English    Türkçe    فارسی   

2
547-556

  • Sana verdiğimi senden isterim. Onu iade et.
  • بحث با توجیه کن حجت میار ** آن چه بسپردم ترا واپس سپار
  • Peygamber dedi ki. “Elinle aldığını geri vermek gerek”
  • گفت پیغمبر که دستت هر چه برد ** بایدش در عاقبت واپس سپرد
  • Serkeşlik eder de buna razı olmazsan mahkeme işte şuracıkta, kalk gidelim” dedi.

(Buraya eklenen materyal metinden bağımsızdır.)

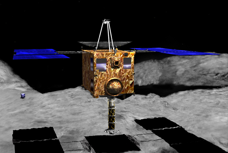 I (J.R.C. Garry) drew this in June 2000 and gave it freely to Dr Hajime Yano of ISAS to use as he saw fit. It supersedes all other images I drew for the ISAS team.

  • ور نه‏ای از سرکشی راضی بدین ** نک من و تو خانه‏ی قاضی دین‏
  • Hizmetçi “Sofilerin hepsi hücum etti, ben mağlup oldum, yarı canlı bir hale düştüm. 550
  • گفت من مغلوب بودم صوفیان ** حمله آوردند و بودم بیم جان‏
  • Sen bir ciğer parçasını kedilerin arasına atıyorsun, sonra da onu aramaya kalkışıyorsun.
  • تو جگر بندی میان گربگان ** اندر اندازی و جویی ز آن نشان‏
  • Yüz açın önüne bir parçacık ekmek atıyor, yüz köpeğin arasına zavallı bir kediyi bırakıyorsun!” dedi.
  • در میان صد گرسنه گرده‏ای ** پیش صد سگ گربه‏ی پژمرده‏ای‏
  • Sofi dedi ki: “Tutalım senden zulmen aldılar ve benim gibi yoksul birisinin kanına girdiler.
  • گفت گیرم کز تو ظلما بستدند ** قاصد خون من مسکین شدند
  • Ya niçin bana gelip de söylemiyor, biçare, eşeğini götürüyorlar, demiyorsun?
  • تو نیایی و نگویی مر مرا ** که خرت را می‏برند ای بی‏نوا
  • Eğer söyleseydin eşeği kim aldıysa ondan alırdım yahut da parasını aralarında paylaşırlar, o paraya razı olurdum. 555
  • تا خر از هر که بود من واخرم ** ور نه توزیعی کنند ایشان زرم‏
  • Onlar o vakit buradaydılar. Yüz türlü çare bulunurdu. Hâlbuki şimdi her birisi bir tarafa gitti!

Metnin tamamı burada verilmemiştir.